A little under 1/3 of Amazon book sales are ebooks, and it's becoming common for a print book to have a Kindle alternative. Having said that, it is also true that ebook sales as a percentage of overall sales are starting to flatten, so print is hardly going to go away.
Independent publishers want to have one platform to output both print and ebooks. After all, the content is the same. i haven't seen any numbers on this, but with my own buying habits, I see the great majority of ebooks are simple text books, some with photo sections, but rarely with photos that have to be in a certain place in relation to the text (outside of the cover and some chapter "numbers" that are images). Fixed layout books are important to certain market segments (kids books, graphic novels, etc.) but IMO remain relatively limited overall.

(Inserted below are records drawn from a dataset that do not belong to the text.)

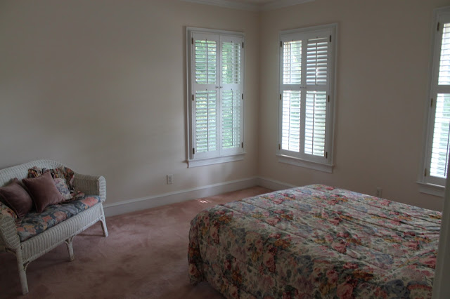 All the bedrooms upstairs, received new carpet and paint. Tessa's room received two coats of paint because, honestly, the first color I picked just wasn't right. Way too peachy. The second color, Patient White, by Sherwin Williams, is a really subtle pink. A good compromise for the girl that wanted a hot pink room. Before you go thinking I'm not indulging her creative side, I'll let you in on a little secret - there will be hot pink. Lots of hot pink. Be scared. I am.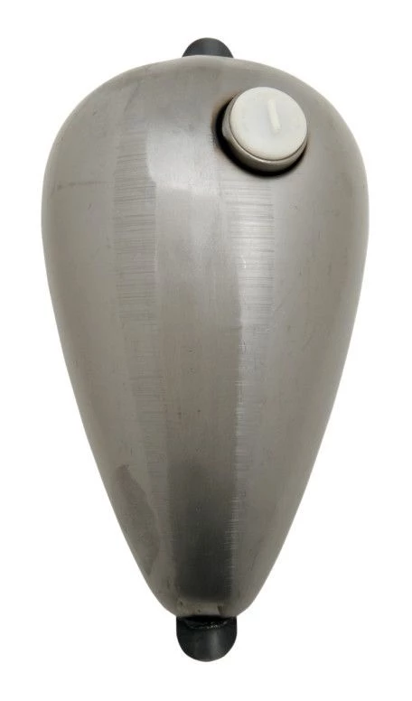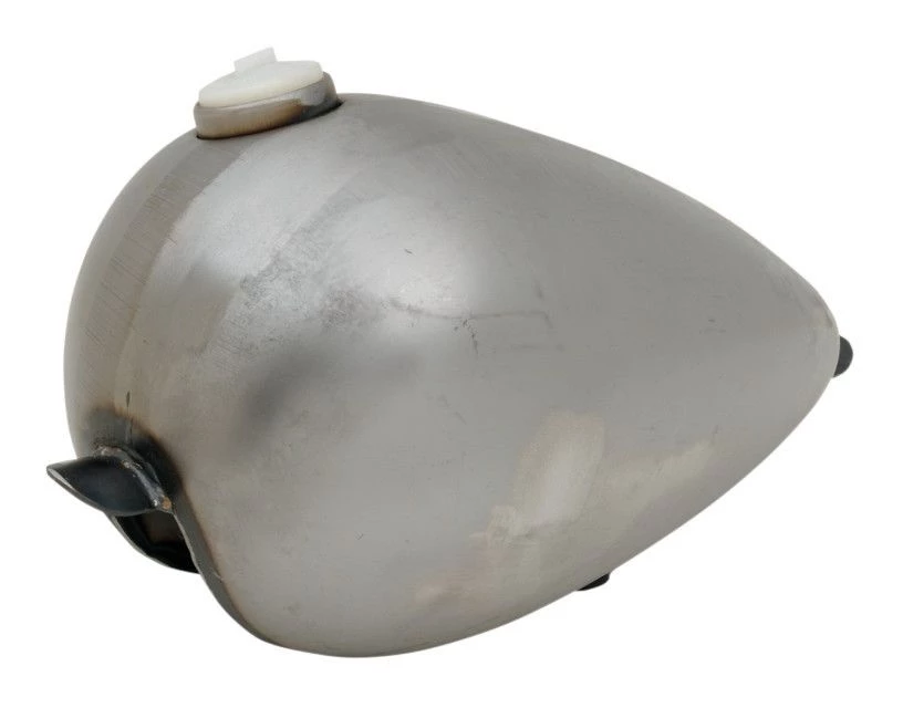 Axed-style narrow gas tanks for custom applications that have a great vintage look. Made from precision steel stampings. Universal brackets make it easy to mount it to any stock or custom frame. Left filler bung is non-functional on dual cap tank, unless you want to stash something in there.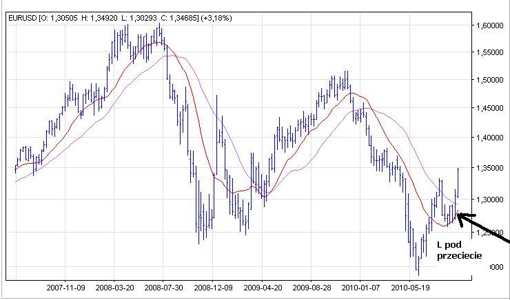 Wykresy tygodniowe. "L" brane na niższym interwale, pod przecięcie średnich tyg.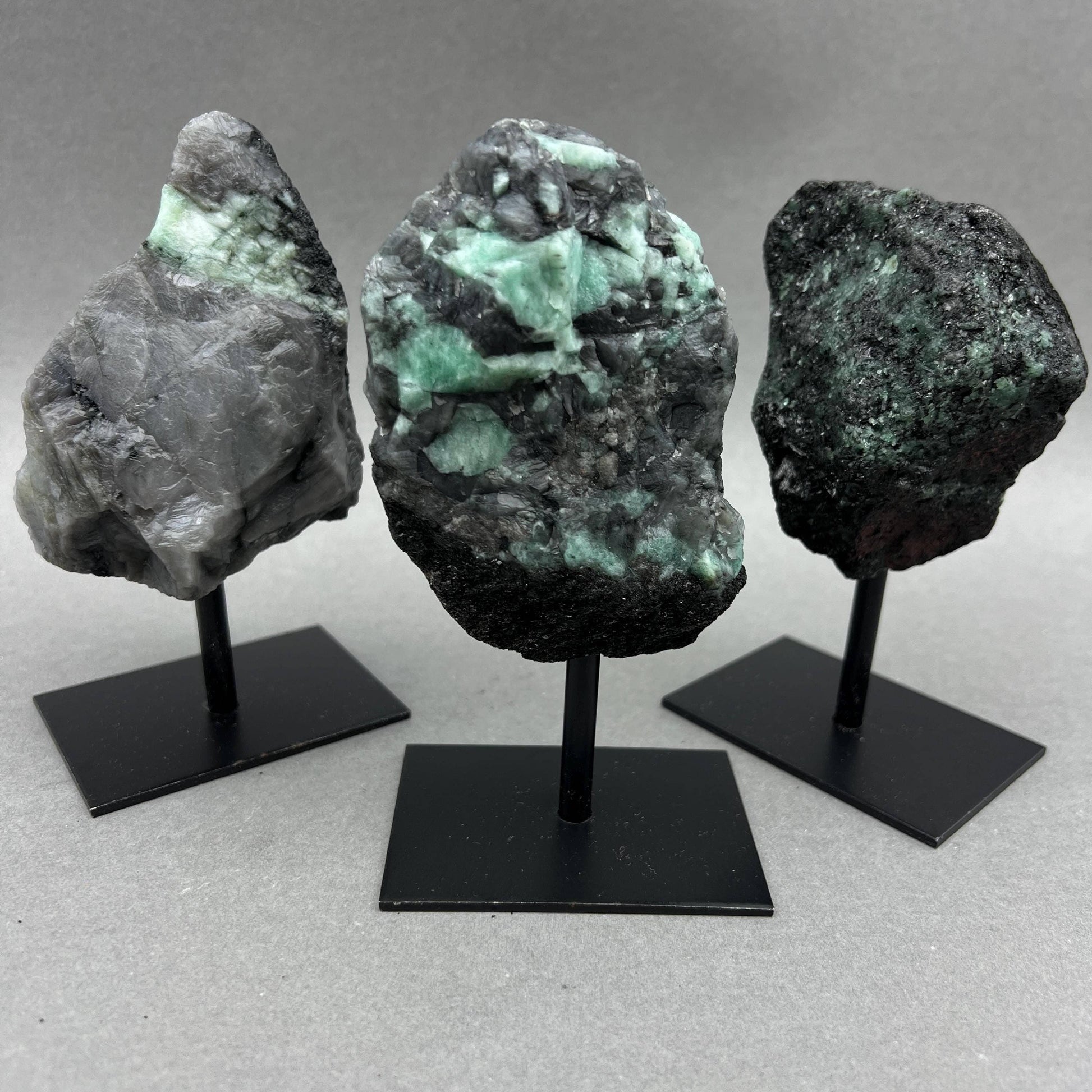 Emerald Rough Specimen on Metal Stand Gemstone Home Decor Wholesale Crystal Supply
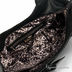 Женская сумка из искусственной кожи рельефной фактуры. Сумка имеет мягкие стенки. Застежка на молнию. Один карман на молнии на задней стенке. Два открытых боковых кармана. Наплечный ремень отстегивается, регулируется по длине. Сумка декорирована бантом с цепью. Внутри одно большое отделение, разделенное средником на молнии. Карман на молнии, карман для мобильного телефона. Твердое формованное дно без ножек.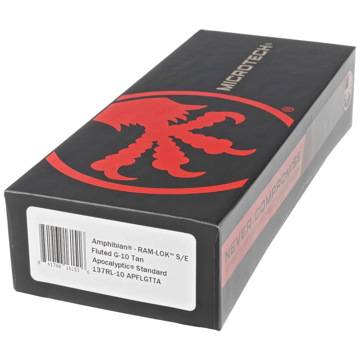 Nóż składany Microtech Amphibian Ram-Lok S/E Fluted Tan G10, Apocalyptic M390MK by Tony Marfione (137RL-10APFLGTTA)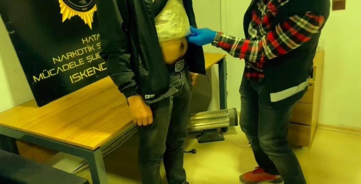 Otobüsteki A.K. ve N.C. isimli yolcuların yapılan üst aramasında karın bölgelerine gizlenmiş sarılı şekilde 977 gram uyuşturucu madde ele geçirildi.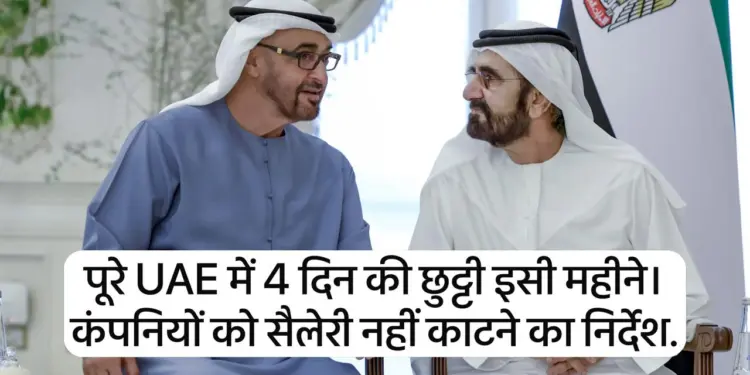 UAE सरकार ने 1 दिसंबर (सोमवार) और 2 दिसंबर (मंगलवार) 2025 को ईद अल एतिहाद (नेशनल डे) के मौके पर संघीय मंत्रालयों और सरकारी संस्थाओं के लिए पेड हॉलिडे घोषित कर दी है। दफ्तर 3 दिसंबर (बुधवार) से फिर खुलेंगे। इस फैसले से निवासियों को चार दिनों का लंबा वीकेंड मिलेगा।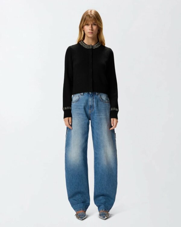 Cardigan girocollo a maniche lunghe proposto in un'elegante vestibilità slim. La chiusura del capo consiste in un'abbottonatura nascosta, mentre orlo e polsini donano movimento grazie a una lavorazione a coste. Sul davanti spiccano due tasche, una delle quali presenta l'iconica etichetta tono su tono con logo lettering PINKO. Il girocollo e i polsini catturano subito gli sguardi grazie alle applicazioni di strass che impreziosiscono il design: l'ideale per illuminare i tuoi look e le tue giornate. Il capo è stato sottoposto a prove di finissaggio per ridurre al minimo la possibile formazione di pilling, garantendo una maggiore morbidezza e durabilità del tessuto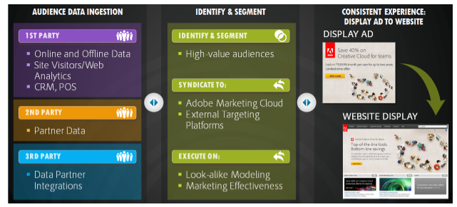 First-party data is typically the foundation for building out an audience for a real-time bidded display advertising campaign—these are the highest performing audiences. An audience or data management platform (DMP) like Adobe Audience Management can ingest first-party Web analytics and offline CRM data and make it available for retargeting.

So reflowable ePub is very important. We should all remember the slow evolution of ePub support in ID, beginning with a very buggy implementation in CS5.5. Hopefully, we can expect better from Affinity/Serif (i.e. *not* buggy) and see solid ePub support roll-out in phases. I regularly edit ePubs using Sigil, fixing things ID did not get quite right. So if I had to do that with Publisher, I could live with it, particularly if I was taking care of things not yet supported by Publisher, rather than fixing buggy output.
Yes, once you touch the ebook with Sigil, you basically lose the ability to do updates with ID or Publisher. So yeah, I would like to see everything in Publisher at some point.